• **What the task requires**:
Using the listing below, copy exactly each line from the one that has "The Donnybrook range" through the one that has "Cronotermostato elettronico giornaliero"; omit the pictures.

• **Dataset extract**:

- Opening Delimiter -

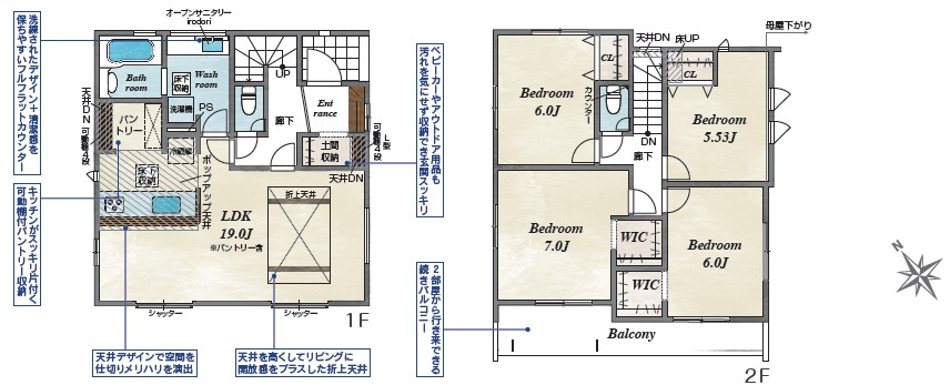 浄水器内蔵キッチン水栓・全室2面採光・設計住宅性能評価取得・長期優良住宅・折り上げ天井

- Closing Delimiter -
- Opening Delimiter -

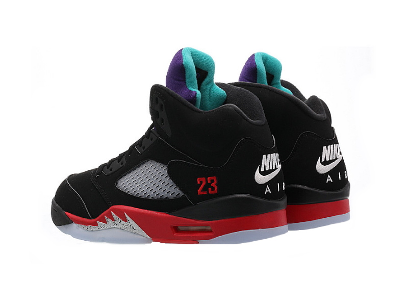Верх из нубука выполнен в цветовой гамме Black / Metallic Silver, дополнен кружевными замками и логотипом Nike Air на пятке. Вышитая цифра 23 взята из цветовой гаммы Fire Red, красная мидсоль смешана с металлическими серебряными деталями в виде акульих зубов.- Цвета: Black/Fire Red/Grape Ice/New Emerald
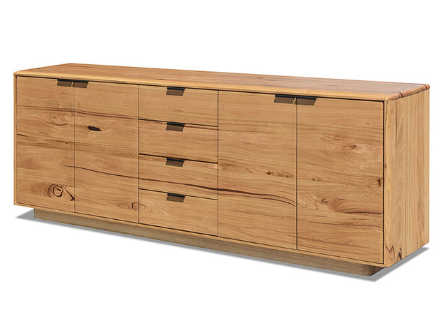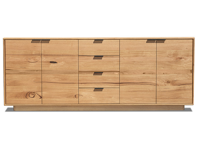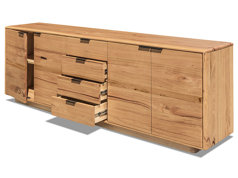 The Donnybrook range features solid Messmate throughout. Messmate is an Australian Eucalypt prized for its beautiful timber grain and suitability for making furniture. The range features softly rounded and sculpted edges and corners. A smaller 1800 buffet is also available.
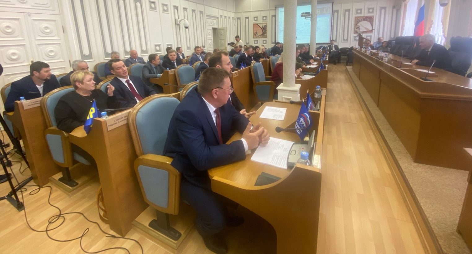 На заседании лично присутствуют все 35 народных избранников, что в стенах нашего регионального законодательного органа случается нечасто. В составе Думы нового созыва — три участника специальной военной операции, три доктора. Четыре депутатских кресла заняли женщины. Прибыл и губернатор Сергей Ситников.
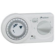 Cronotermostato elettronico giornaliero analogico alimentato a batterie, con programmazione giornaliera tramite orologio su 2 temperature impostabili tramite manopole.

- Closing Delimiter -

• **Task response**:
 The Donnybrook range features solid Messmate throughout. Messmate is an Australian Eucalypt prized for its beautiful timber grain and suitability for making furniture. The range features softly rounded and sculpted edges and corners. A smaller 1800 buffet is also available.
 На заседании лично присутствуют все 35 народных избранников, что в стенах нашего регионального законодательного органа случается нечасто. В составе Думы нового созыва — три участника специальной военной операции, три доктора. Четыре депутатских кресла заняли женщины. Прибыл и губернатор Сергей Ситников.
 Cronotermostato elettronico giornaliero analogico alimentato a batterie, con programmazione giornaliera tramite orologio su 2 temperature impostabili tramite manopole.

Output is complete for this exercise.